- Jonathan Amos
- BBC science reporter
One of the most beautiful views of the universe has been revisited by the James Webb Space Super Telescope.
The so-called “pillars of creation” are dense clouds of hydrogen gas and dust in the constellation Serpent, 6,500 light-years from Earth.
This scene has already been photographed by other large telescopes. The most famous of these images are those taken in 1995 and 2014 by Hubble.
The James Webb Telescope gave us another incredible perspective: the plumes are the center of what astronomers call Messier 16 (M16), or the Eagle Nebula. This is an active region of stars.
Webb, with his infrared detectors, can see the activity of newborn stars through plume dust, which typically causes light scattering effects.

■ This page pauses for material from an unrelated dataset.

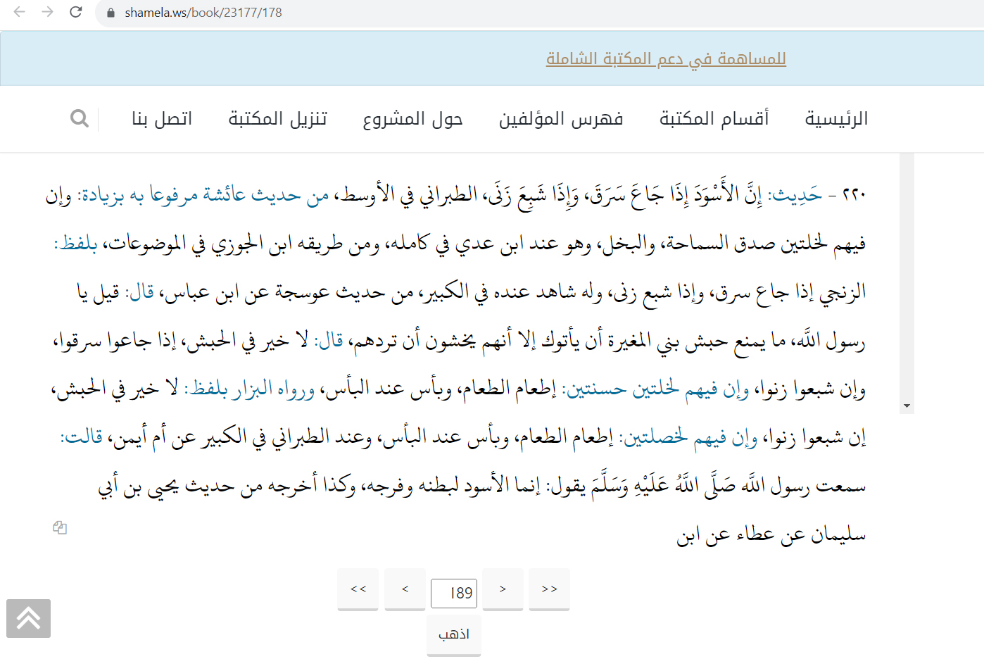 Черный (негр), когда он голоден, ворует, а если сыт, то прелюбодействует. Ат-Табарани в книге «Аусат» приводит хадис от Айши с добавлением: «И есть в них две черты: правдивое снисхождение и скупость». И это приводится у Ибн Удейя в его «Камиле» и по его пути у Ибн Джаузи в «Маузуат» в таком виде: «Негр, если он голоден, то ворует, а если он сыт, совершает прелюбодеяние». И это подтверждается также в «Кабире» в хадисе Аусаджа со слов Ибн Аббаса, что Посланнику Аллаха (С) сказали: «Что мешает неграм (эфиопам) из Бану Мугира прийти к тебе, кроме того, что они боятся, что ты отправишь их назад?» Он сказал: «Нет добра в неграх (эфиопах): если они голодны, то воруют, а если сыты, то прелюбодействуют. Но у них есть две хорошие черты: кормление пищей и сила в бою». Баззар также передал этот хадис в такой форме: «Нет ничего хорошего в неграх (эфиопах): если они будут голодны, они будут прелюбодействовать, но есть в них две черты: кормление пищей и сила в бою».

“I’ve been studying the Eagle Nebula since the mid-1990s, trying to see ‘inside’ the light-year plumes shown by Hubble, looking for young stars inside. I always knew that when James Webb took pictures of it, it would be impressive. And they were,” said the professor. Mark McCogren, Senior Adviser at the European Space Agency, tells BBC News.
M16’s plumes are illuminated and sculpted by intense ultraviolet light from nearby massive stars.
This radiation also invalidates these formations: if you could magically teleport yourself to this location today, the pillars probably wouldn’t exist anymore.
We only see them because we look at them in the past. The light that Webb detected took 6,500 years to reach his lens.
James Webb is a collaborative project of the US, European and Canadian space agencies. It was launched in December last year and is considered the successor to the Hubble telescope.